Figure 6. Screen to identify drugs that rescue scn1Lab mutant epilepsy phenotype.

Figure 6

(A) Box plot of mean velocity (in mm/sec) for two consecutive recordings of mutant larvae in embryo media. The percent change in velocity from baseline (recording #1) vs. experimental (recording #2) is shown. The bottom and top of box represent 25th and 75th percentile, respectively. The horizontal line represents median value; vertical lines encompass the entire range of values. (B) Plot of the effect of AEDs on seizure behavior in scn1Lab mutants.. Bars represent percent change in mean velocity; 6–12 fish per experiment. Drugs tested at 1 mM; diazepam (Dzp; p < 0.001), carbamazepine (Carb; p = 0.024), ganaxolone (Gan; p = 0.003), stiripentol (Stp; p = 0.001), valproate (Vpa;, p = 0.026) and a 48 hr ketogenic diet (KD; p = 0.003) exposure reduced seizure activity, measured as a change in velocity, by more than the standard deviation in control recordings (34 %, dotted line). Acetazolamide (Acet; p < 0.001) and ethosuximide (Etx; p = 0.250) increased seizure behavior; levetiracetam (Lev; p = 0.243), and lamotrigine (Ltg; p = 0.058) had no effect. (C) Plot for all 320 compounds tested. Colored circles (red) represent positive hits; compounds that decreased activity by 100% were generally toxic; 6–12 fish per trial. Arrowhead; first clemizole trial. (D) Plot of drug re-trials on separate mutant clutches; 100 µM per drug; 10 fish per trial. Abbreviations: Clem, clemizole; Clem + PTZ, clemizole + 15 mM PTZ; Clorg, clorgiline; Tolp, tolperisone; Zox, zoxazolamine. Effect of acute clemizole on PTZ-induced seizures shown for wild-type larvae. Bars represent mean ± S.E.M. For panels B and D: Student’s paired t-test or Mann-Whitney Rank Sum test with significance set at p = 0.01 (*) or p < 0.001 (**). (E) Sample electrophysiology recordings from scn1Lab mutants exposed to clemizole in the locomotion assay (D) and then monitored using a forebrain recording (top trace; ictal-like burst shown in inset). Similar traces for an un-treated mutant (middle) and mutant treated with zoxazolamine (bottom). Scale bars: large traces 0.5 mV, 10 s; inset 0.5 mV, 100 msec.

Discussion

The scn1Lab zebrafish mutant described here is the first simple vertebrate model of a sodium channel mutation that recapitulates features of Dravet syndrome, a catastrophic form of drug-resistant epilepsy in children. We have shown that these mutants exhibit hyperactivity, including convulsive behavior, spontaneous electrographic seizures, shortened lifespan and a pharmacological profile similar to the human condition. Additional molecular analysis of scn1Lab mutants suggests the absence of gross changes in global gene expression and a lack of compensation, at the RNA level, by other voltage-gated Na+ channel subunits. A two-stage phenotype-based drug screening strategy to identify lead compounds with the potential to ameliorate epilepsy phenotypes associated with SCN1A mutation identified one FDA-approved drug (clemizole).

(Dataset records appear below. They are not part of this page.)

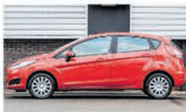
Ford Fiesta 1.0 EcoB. Vignale € 11.900,-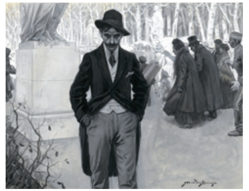
04. EL FILÓSOFO Y LA MARIPOSA, 1º, 21 DE MARZO DE 1909. MUSEO ABC, MADRID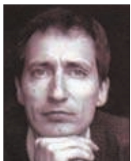
Rencontre avec l'écrivain Pierre Garçonnat.

L e samedi 12 mars à 14h30, la bibliothèque Victor-Hugo (place de la Carpe) accueillera un écrivain essonnien Pierre Garçonnat.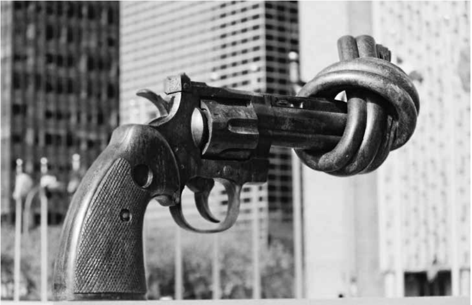
Bronzen beeld als symbool van vrede bij de Verenigde Naties in New York, gemaakt door Karl Fredrik Reuterswärd. © foto: Michos Tzovaras.

twijfel, van onze vrees voor anderen die nochtans genieten van diezelfde zon die ons haar warmte en levensvreugde schenkt. De zon is de geest van de goede, scheppende gedachte. Ze is het symbool van de waakzaamheid voor de voleinding van de wereld en de definitieve doorbraak van het koninkrijk van de Heer van het heelal.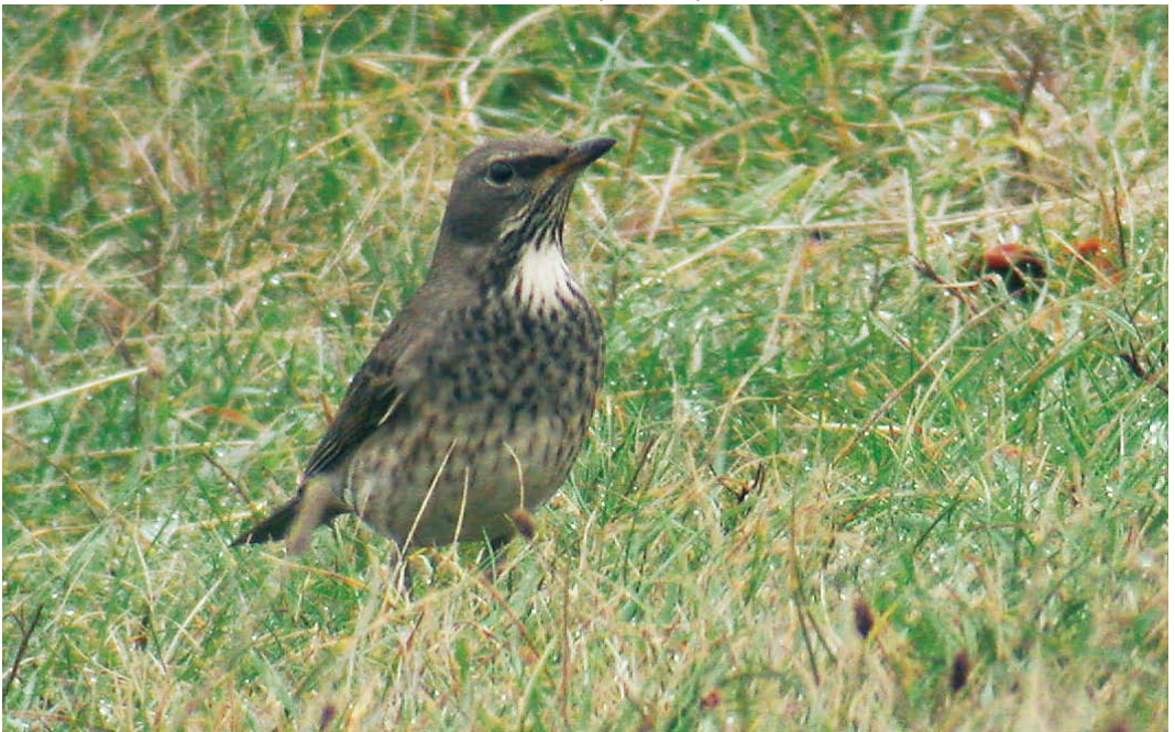
532 Black-throated Thrush / Zwartkeellijster Turdus atrogularis , adult female, 't Horntje, Texel, Noord-Holland, 1 November 2009 (Sjaak Schilperoort)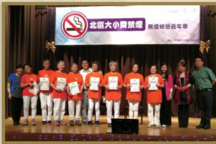
「北區大小齊禁煙」無煙大使嘉許典禮。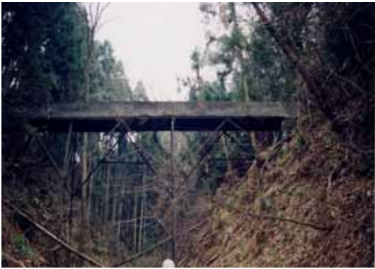
【平成30年頃造成された古い水路橋】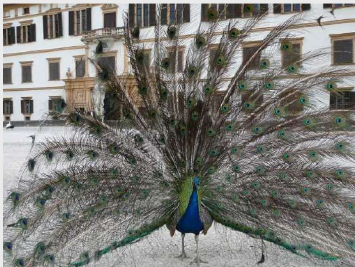
Paun ispred dvorca Eggenberg

Sagradio ga je Knez Johann Ulrich von Eggenberg 1623. godine. Dvorac se sastoji iz 4 tornja koja su simbol godišnja doba, 12 ulaza koji su simbol broj meseci u godini, 365 prozora simbol dana u godini. Unutrašnjost dvorca ogleda se u raskošnim dvoranama koje nažalost nismo mogli videti jer je dvorac bio zatvoren. Oko dvorca je romantično uređen vrt iz 19 veka pun zelenila.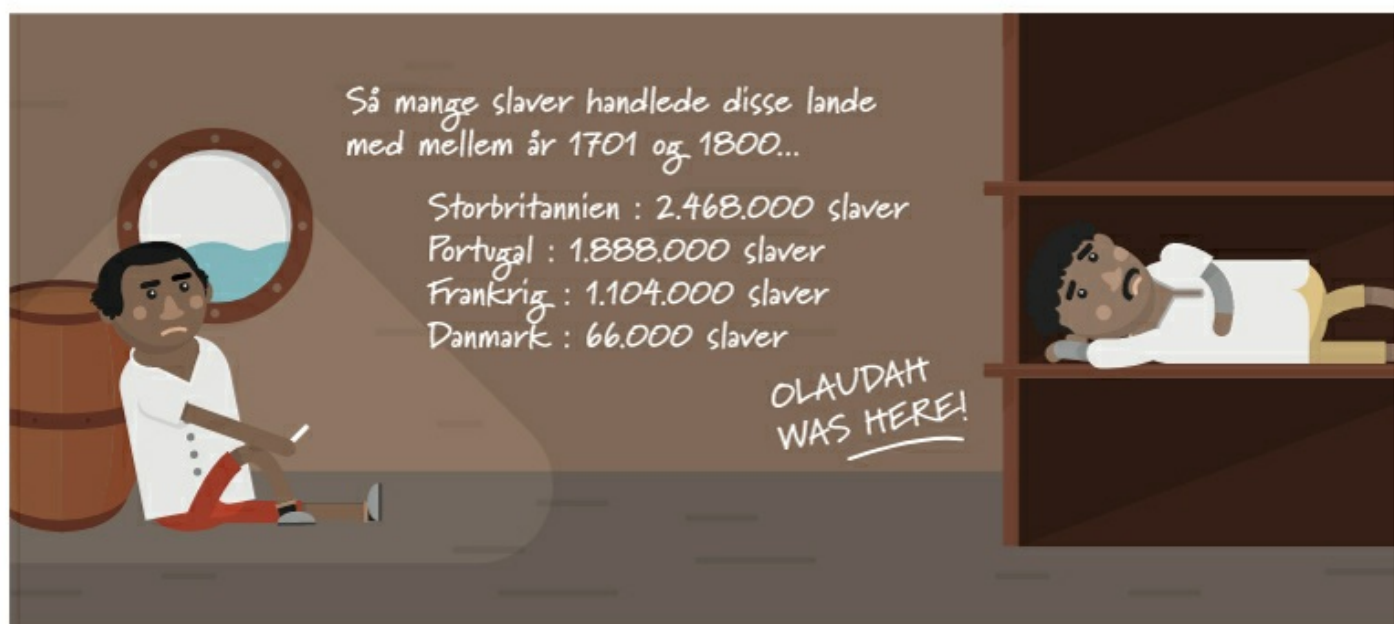
Figur 1 Historiedysten, 2016, Logbogen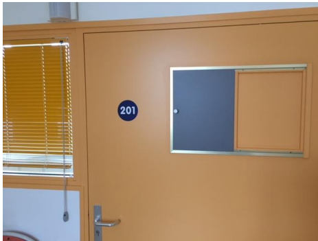
L'entrée d'une chambre sécurisée

Elles étaient, lors de la visite des contrôleurs, propres et bien entretenues.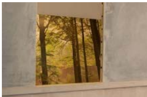
מזכרת ממקום רחוק. "חזיונות"

בתערוכתו "חזיונות" מוליך שי עיד אלוני את הצופה בין דמויות פולחניות, פסלים ואובייקטים מתרבות הצריכה, אבל אלה הם השינויים שהוא עשה לחלל גלריה ברוורמן שבאמת מרימים את התערוכה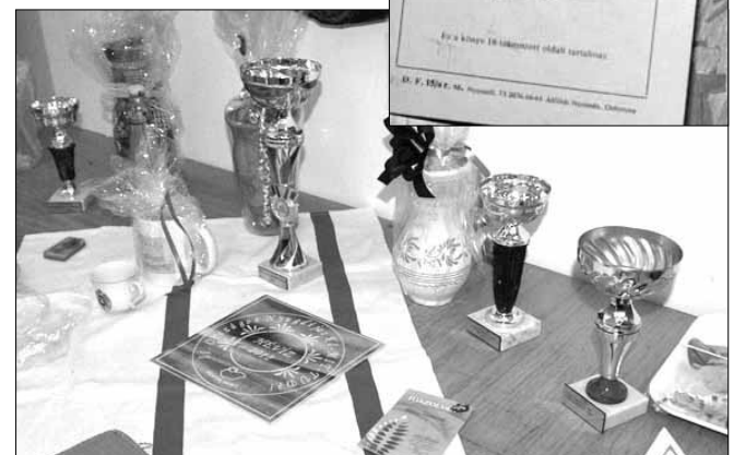
A tagság személyes tárgyai közül válogatott kiállítás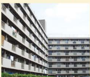
現場全景(千葉県某物件)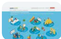
Cité des entreprises et de la santé au travail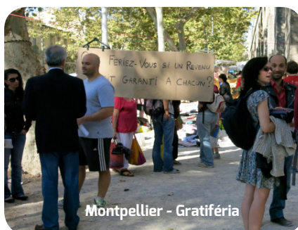
Montpellier - Gratiféria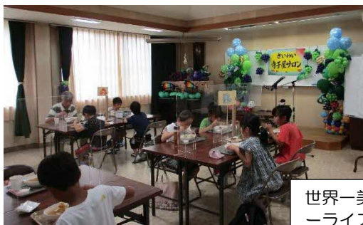
世界一美味しいと評判のカレーライスとデザートで昼食会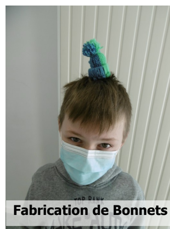
Fabrication de Bonnets

Quizz, chasse au trésor, orientation et jeux sportifs : luge, hockey..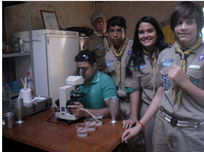
Figura 11 – Guias e sêniores do 2º./DF analisa amostras de água de cursos d'água da região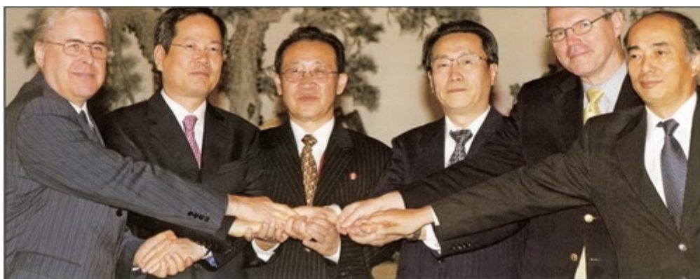
Шестисторонние переговоры по урегулированию корейского ядерного кризиса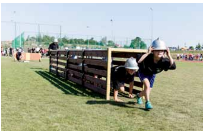
Tor przeszkód dla najmłodszych strażaków

W kategorii męskich drużyn pożarniczych swoje reprezentacje zgłosiły wszystkie jednostki OSP funkcjonujące na terenie gminy. Z kolei w kategorii drużyn kobiecych do rywalizacji przystąpiły panie z OSP Bronowo–Zalesie, OSP Dziarnowo i OSP Proboszczewice. Zawody rozgrywane były w konkurencjach: ćwiczenia bojowe oraz sztafeta pożarnicza 7x50 m z przeszkodami.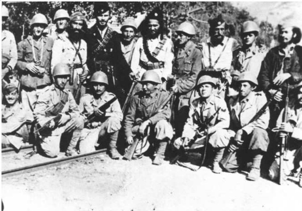
Italijani i četnici u Jablanici 1943. godine.

1) da Draža lično ostane u ilegali , odnosno da se on personalno ne ističe kao neko ko podržava dogovor a sve zbog posleratnog političkog delovanja, kako ne bi bio kompromitovan među srpskim narodom, i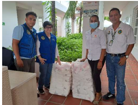
Pie de foto: Donación 225 bolsas de detergente Dersa al Plan de Emergencia Social Pedro Romero para proyecto de capacitación en higiene y saneamiento.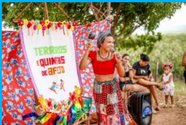
CONTAÇÃO DE HISTÓRIAS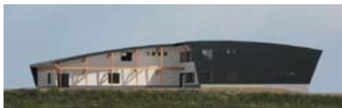
Муниципальный краеведческий музей г. Абасири Музей ракушечного кургана Моёро

093-0051 Абасири-си, Кита 1-дзё, Хигаси 2-тёмэ Тел.: 0152-43-2608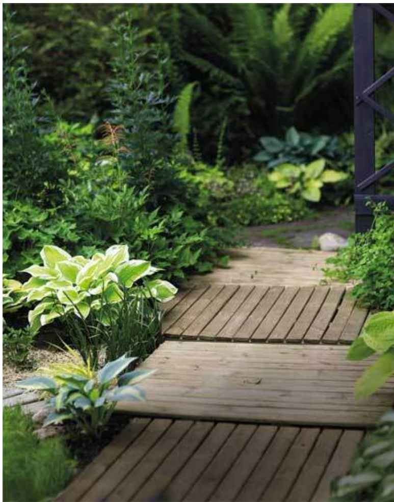
Различные сорта хост вдоль деревянной дорожки из готовых щитов с пропиткой под давлением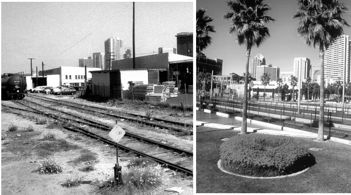
Fig.3 Requalification de la zone d'Harbor Drive (San Diego) entre 1980 et 2002

Selon une enquête menée par l' US Conference of Mayors en 1998, 80 villes de plus de 30 000 habitants possédaient déjà des programmes très aboutis de lutte contre l'insécurité intégrant des dispositions spécifiques dans leur règlement d'urbanisme et schéma directeur (Zelinka et al., 1998). Paradoxalement, en 1999, une enquête menée par l' US Department of Justice statuait qu'aucune étude n'était "aujourd'hui capable de démontrer l'influence directe des changements de morphologie urbaine sur le comportement criminel" (Deleon-Grandos, 1999). La diffusion grandissante des principes du CPTED en Amérique du Nord mais également en Europe 6 (Royaume-Uni, Pays-Bas...) parce qu'ils encouragent une approche pro-active de l'insécurité basée sur la prévention et un mode "doux" de sécurisation, a au moins le mérite d'offrir une alternative à la logique répressive, toujours synonyme d'échec.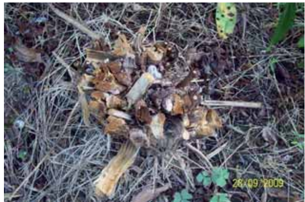
Foto 66: Buddleja davidii situada en N-625 pk 150. Se pinceló el 18 de Agosto, un mes después no presentaba ningún rebrote.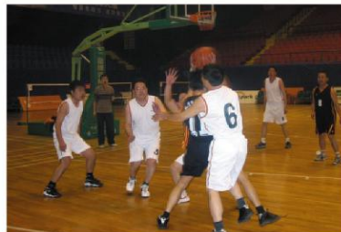
2004年第一届篮球比赛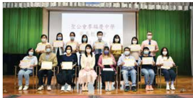
第二十屆家長教師會委員合照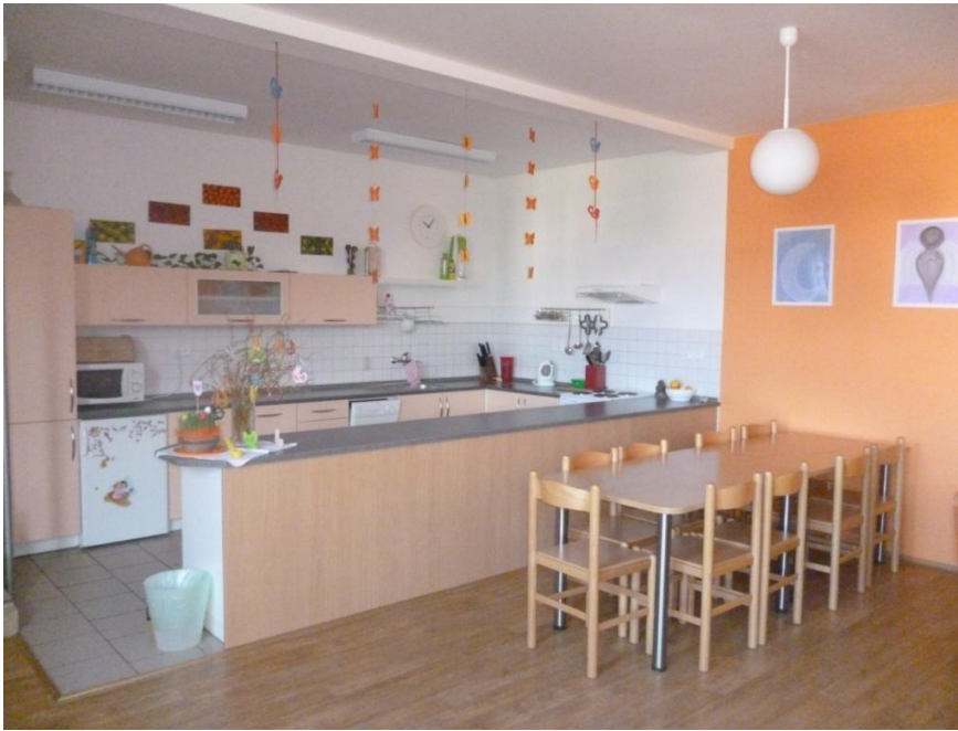
Obr. 3 – Kuchyň a jídelní stůl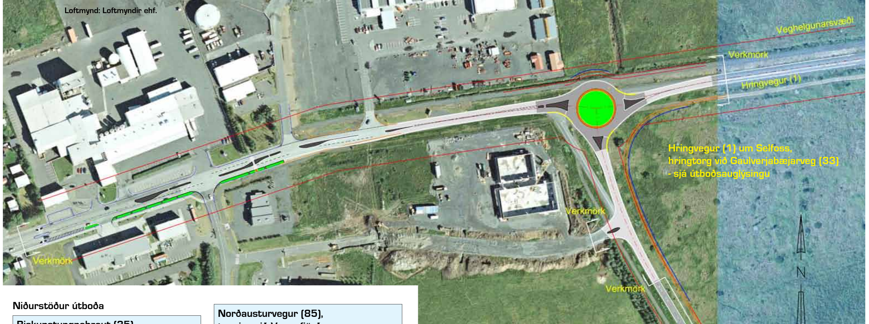
Hringvegur (1) um Selfoss, hringtorg við Gaulverjabæjarveg (33) - sjá útboðsauglýsingu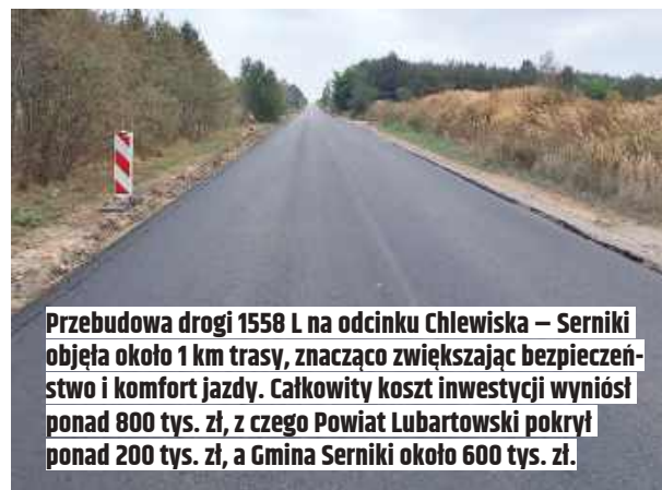
Przebudowa drogi 1558 L na odcinku Chlewiska – Serniki objęła około 1 km trasy, znacząco zwiększając bezpieczeństwo i komfort jazdy. Całkowity koszt inwestycji wyniósł ponad 800 tys. zł, z czego Powiat Lubartowski pokrył ponad 200 tys. zł, a Gmina Serniki około 600 tys. zł.

Electroencephalographic (EEG) activity is typically normal in the first year of life for DS patients with an evolution to abnormal paroxysmal and polyspike activity between 1 and 9 years of age. This age-dependent pattern was mimicked in developing zebrafish larvae at ages where scn1a expression was significant. Forebrain extracellular recordings in very young larvae (3 dpf) appeared largely normal with the occasional small burst of polyspike activity. Frequent brief interictal-like activity with large amplitude polyspike burst discharges became more prominent as larvae aged. The architecture of these electrical events resembled those previously described in wild-type larvae exposed to pentylenetetrazole27, 4-aminopyridine24, linopirdine28 or hyperthermia26. The appearance of electrographic seizure activity corresponds with hyperactivity, full-body convulsions with associated high-velocity swim activity and brief loss-of-posture in freely behaving mutants. These types of spontaneous behaviors are never observed in wild-type larvae and, again, resemble those previously observed only during exposure to convulsant drugs. These behaviors are an indirect indicator of seizure activity and could be used for rapid in vivo evaluation of drug treatments and lethality in a multi-well format using automated locomotion tracking software32,33,35. We also show that seizures in scn1Lab zebrafish mutants are responsive to the ketogenic diet and four AEDs (e.g., valproate, benzodiazepine, potassium bromide and stiripentol) prescribed clinically for patients with DS41.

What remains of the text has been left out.